Шрифт:
Интервал:
Закладка:
– Вот ещё один! – указал какой-то селянин, ведший коня.
– Небось, ты, вьюнош, откопал вояку сего, ну, признавайся.
Говоривший сразу подошёл к раненому, пытаясь поднять его. Тот открыл глаза, лицо растянулось в улыбке.
– А ведь я отроку наказал сыскать тебя, чтобы ты меня вытащил из-под трупов, а он уже и сам справился.

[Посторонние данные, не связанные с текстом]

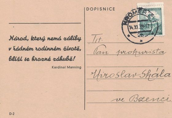 Schůze sobotní je svolána na 10 hod. dopoledne. Jak se dovídám, nejezdí snad již vlak, který byl v Bzenci o 10 hod., a budete muset proto použít vlaku, který odjíždí z Brna o 5.50 hod., neb lépe bude, kdybyste přijel do Bzence v pátek odpoledne.

Звяга повернулся к Вокше и окинул его пристальным взглядом.
– А ты что тут? Родителей потерял или ещё что?
– Побили родню мою, – прошептал, кривя губы. – Сестру вот ищу, может, видел кто её.
– Уж, часом, не Малинку ли? – осведомился подошедший незнакомец с белой тряпицей на плече.
– Её, её, родимую, её, мою матушку, – подросток закивал головой, заискивающе улыбаясь, а из глаз покатилась непокорная слеза.
– Плачь, отрок, не стыдись, не зазорно сие. Угнали сестрицу твою поганые с полоном. Всех угнали.
Голос незнакомца задрожал, кулаки сжались, желваки заиграли.
– Как ворвались степняки в городище, сестрица твоя только рану целить мне кончила. Бабы, какие тем же занимались, с криком побежали, Малинка – последней. У корчмы ей аркан набросили, повязали. Не рыдала, не рвалась, только крикнула: «Убегу!» Да, хороша, девка, шустра, – закончил незнакомец.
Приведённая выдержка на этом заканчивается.